Say how many lines in the entries hold the string "Shoah", giving the number by itself.

------------------------------------------------------------

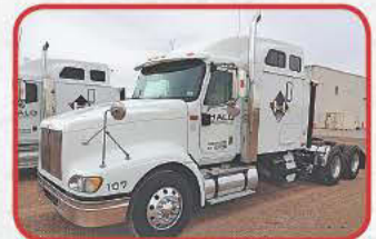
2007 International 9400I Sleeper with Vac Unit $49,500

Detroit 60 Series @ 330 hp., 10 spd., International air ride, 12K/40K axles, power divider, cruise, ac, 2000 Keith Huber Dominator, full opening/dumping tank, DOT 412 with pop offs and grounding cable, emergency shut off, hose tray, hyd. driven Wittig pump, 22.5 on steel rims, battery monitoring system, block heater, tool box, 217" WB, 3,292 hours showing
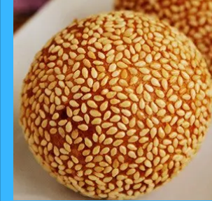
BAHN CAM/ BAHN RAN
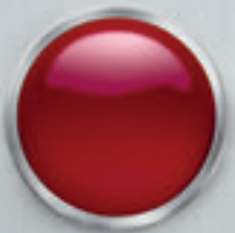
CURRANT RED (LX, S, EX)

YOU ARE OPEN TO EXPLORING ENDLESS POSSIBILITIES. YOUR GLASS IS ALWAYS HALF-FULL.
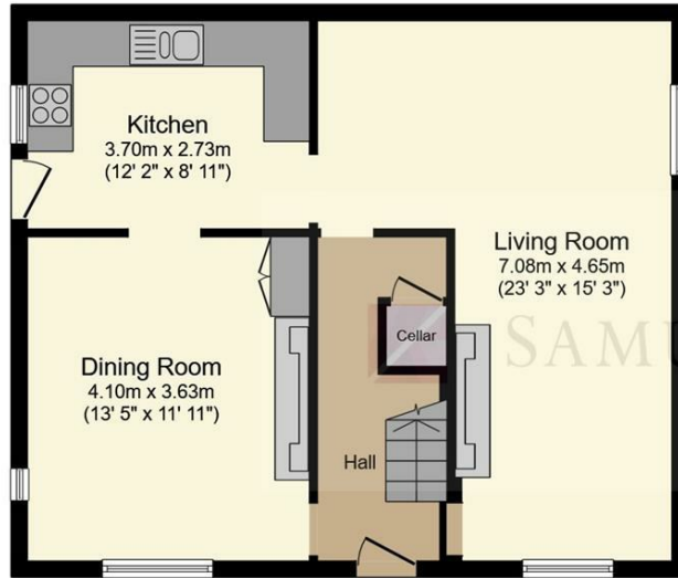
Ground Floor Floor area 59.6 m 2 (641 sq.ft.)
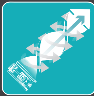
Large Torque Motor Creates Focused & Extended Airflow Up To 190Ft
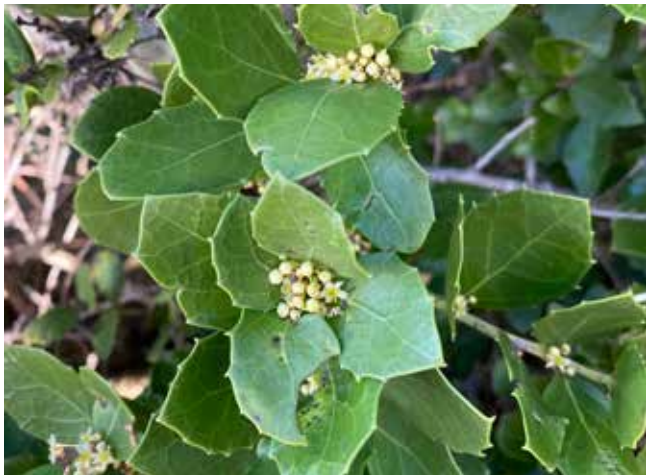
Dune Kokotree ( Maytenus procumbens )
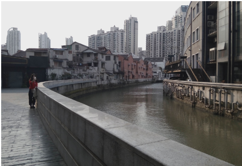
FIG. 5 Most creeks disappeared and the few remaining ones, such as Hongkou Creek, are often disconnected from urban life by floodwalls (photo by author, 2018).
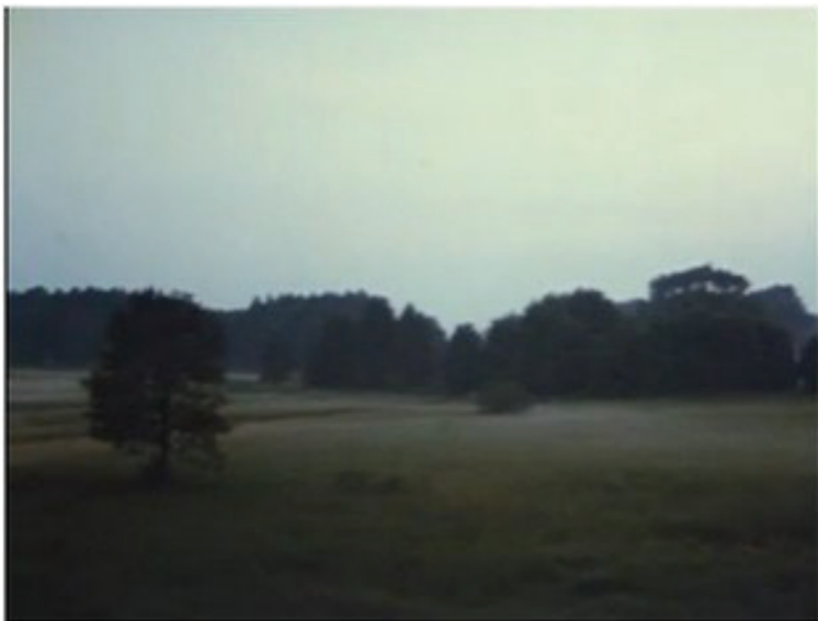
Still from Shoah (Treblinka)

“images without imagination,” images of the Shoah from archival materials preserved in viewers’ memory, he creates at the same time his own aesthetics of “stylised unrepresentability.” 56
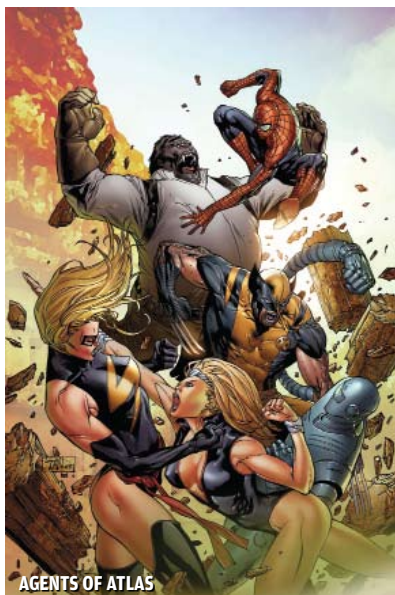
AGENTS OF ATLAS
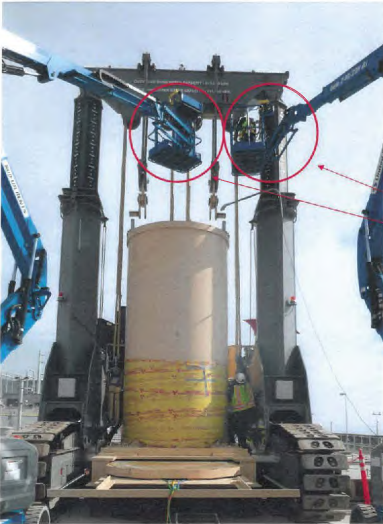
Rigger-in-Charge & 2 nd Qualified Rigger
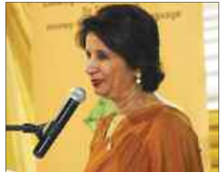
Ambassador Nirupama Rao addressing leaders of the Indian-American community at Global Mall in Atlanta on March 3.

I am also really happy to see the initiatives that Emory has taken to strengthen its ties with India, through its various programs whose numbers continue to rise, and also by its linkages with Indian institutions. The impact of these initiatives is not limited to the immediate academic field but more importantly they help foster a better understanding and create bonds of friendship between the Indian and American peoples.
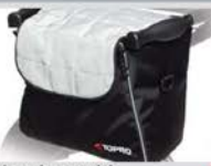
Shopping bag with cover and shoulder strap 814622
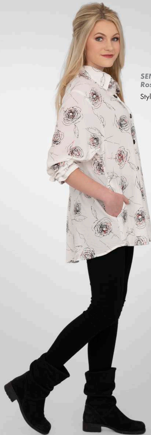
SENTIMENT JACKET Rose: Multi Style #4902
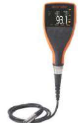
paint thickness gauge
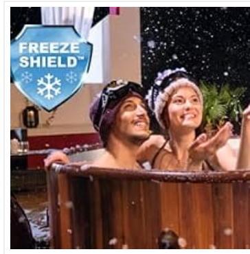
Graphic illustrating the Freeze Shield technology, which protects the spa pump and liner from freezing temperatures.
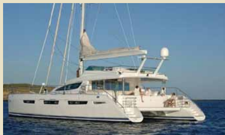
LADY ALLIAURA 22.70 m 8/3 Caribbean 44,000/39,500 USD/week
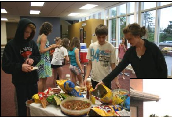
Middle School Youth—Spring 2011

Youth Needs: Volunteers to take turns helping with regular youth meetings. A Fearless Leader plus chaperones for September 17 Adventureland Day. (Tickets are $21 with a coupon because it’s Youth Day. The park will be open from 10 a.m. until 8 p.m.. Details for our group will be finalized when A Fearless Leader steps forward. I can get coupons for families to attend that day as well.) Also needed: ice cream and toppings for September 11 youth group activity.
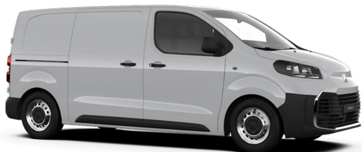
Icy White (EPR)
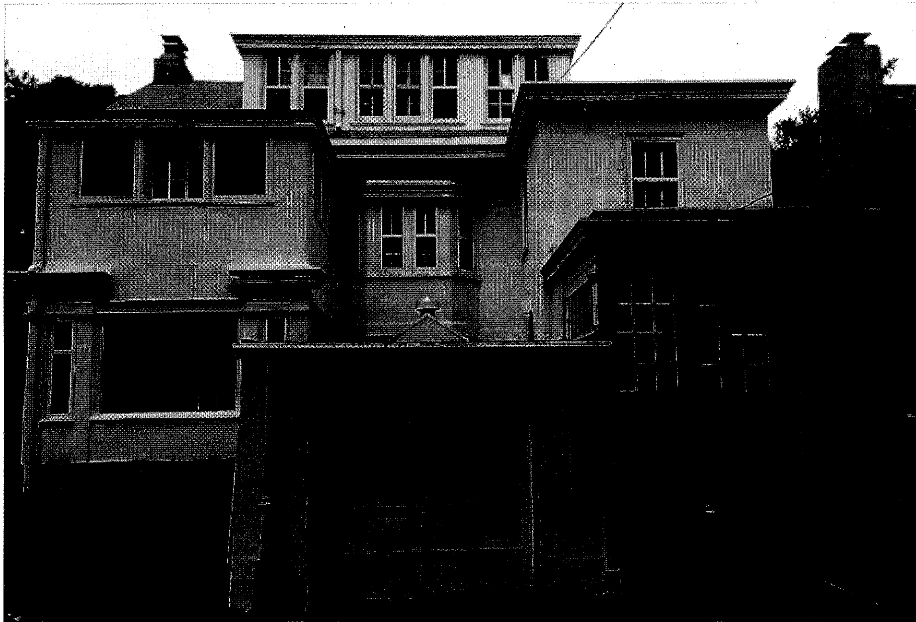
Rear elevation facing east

------------------------------------------------------------

_Task response_. 2